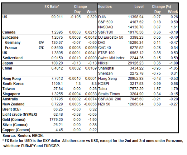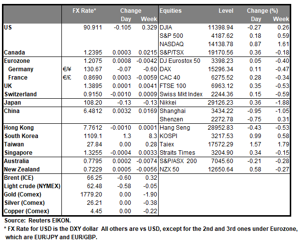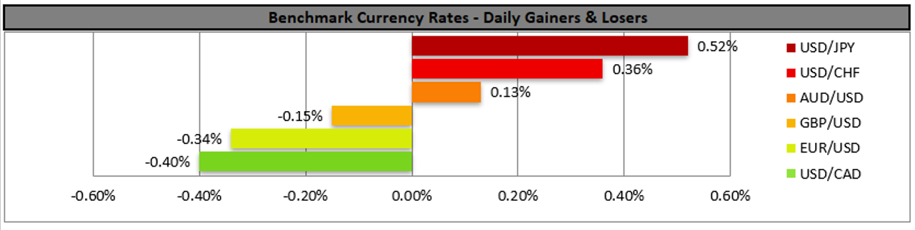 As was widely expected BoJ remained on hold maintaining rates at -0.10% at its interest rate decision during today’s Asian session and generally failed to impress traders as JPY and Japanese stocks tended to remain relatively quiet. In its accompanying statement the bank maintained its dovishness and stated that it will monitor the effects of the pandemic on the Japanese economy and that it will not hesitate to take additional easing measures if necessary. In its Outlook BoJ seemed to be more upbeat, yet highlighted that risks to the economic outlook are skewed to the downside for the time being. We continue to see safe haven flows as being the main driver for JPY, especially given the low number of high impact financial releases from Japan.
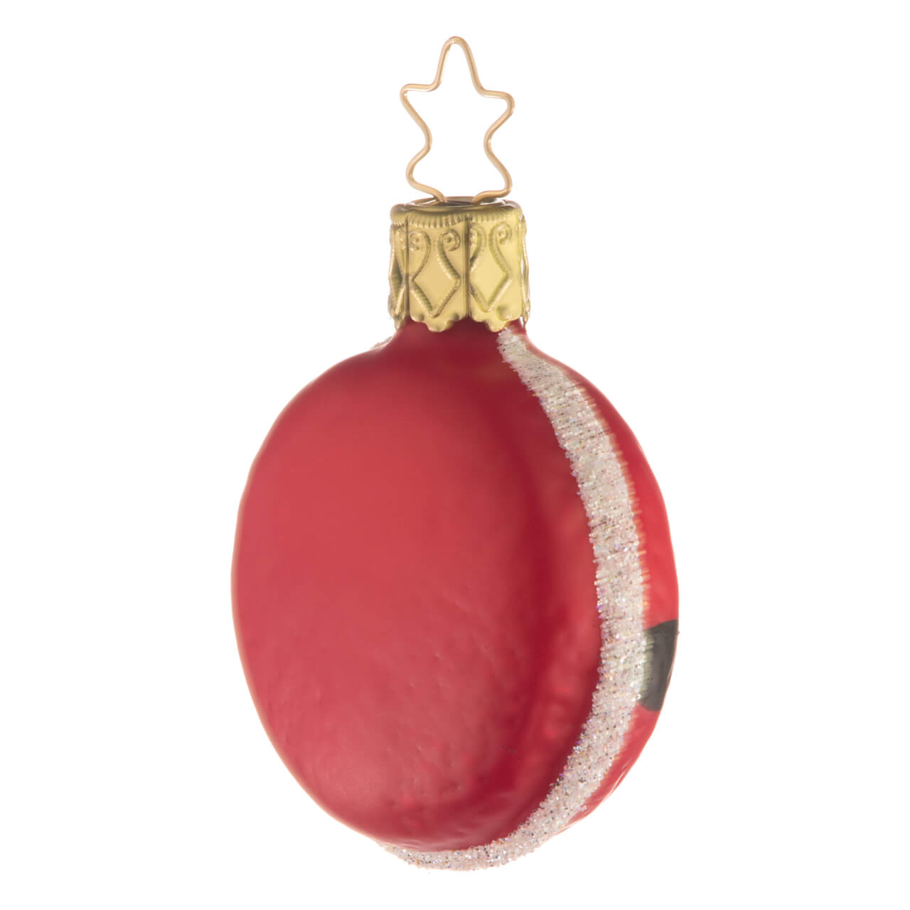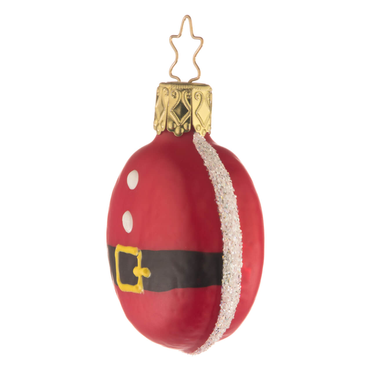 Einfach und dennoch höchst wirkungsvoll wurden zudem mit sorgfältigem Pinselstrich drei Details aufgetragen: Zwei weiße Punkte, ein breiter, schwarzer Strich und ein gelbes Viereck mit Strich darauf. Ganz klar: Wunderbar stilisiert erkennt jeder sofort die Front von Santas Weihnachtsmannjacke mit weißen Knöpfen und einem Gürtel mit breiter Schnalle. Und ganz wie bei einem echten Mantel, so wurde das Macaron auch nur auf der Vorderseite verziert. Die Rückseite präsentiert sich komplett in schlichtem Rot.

.....

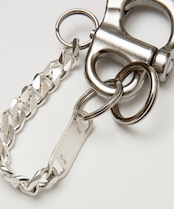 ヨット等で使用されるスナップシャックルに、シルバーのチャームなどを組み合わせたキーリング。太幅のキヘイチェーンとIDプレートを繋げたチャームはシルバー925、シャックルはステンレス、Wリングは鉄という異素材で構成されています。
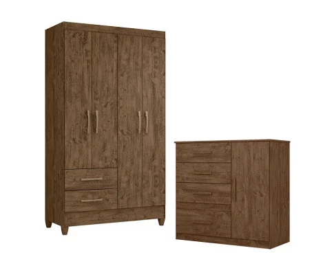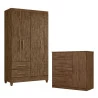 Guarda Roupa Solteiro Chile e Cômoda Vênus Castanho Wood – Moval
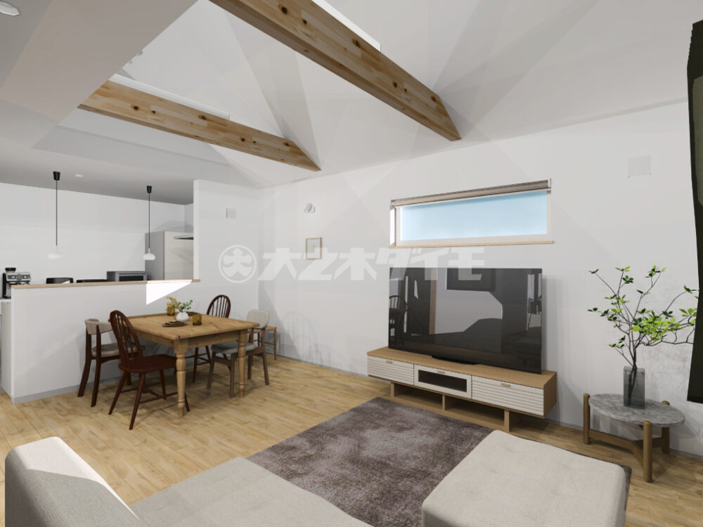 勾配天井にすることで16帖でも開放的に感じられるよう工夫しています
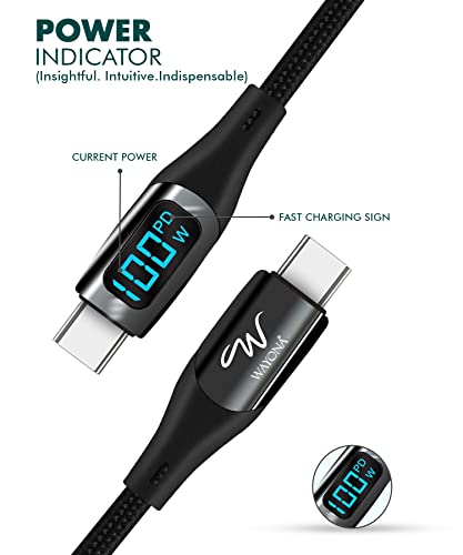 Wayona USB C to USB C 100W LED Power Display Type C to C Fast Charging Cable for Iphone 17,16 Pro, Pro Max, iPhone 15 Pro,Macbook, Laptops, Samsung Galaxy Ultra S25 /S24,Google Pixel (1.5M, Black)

.....

Pictures in the material above should be skipped; print exactly the lines from the one with "勾配天井にすることで16帖でも開放的に感じられるよう工夫しています" through the one with "Wayona USB C".

Answer area:
 勾配天井にすることで16帖でも開放的に感じられるよう工夫しています
 Wayona USB C to USB C 100W LED Power Display Type C to C Fast Charging Cable for Iphone 17,16 Pro, Pro Max, iPhone 15 Pro,Macbook, Laptops, Samsung Galaxy Ultra S25 /S24,Google Pixel (1.5M, Black)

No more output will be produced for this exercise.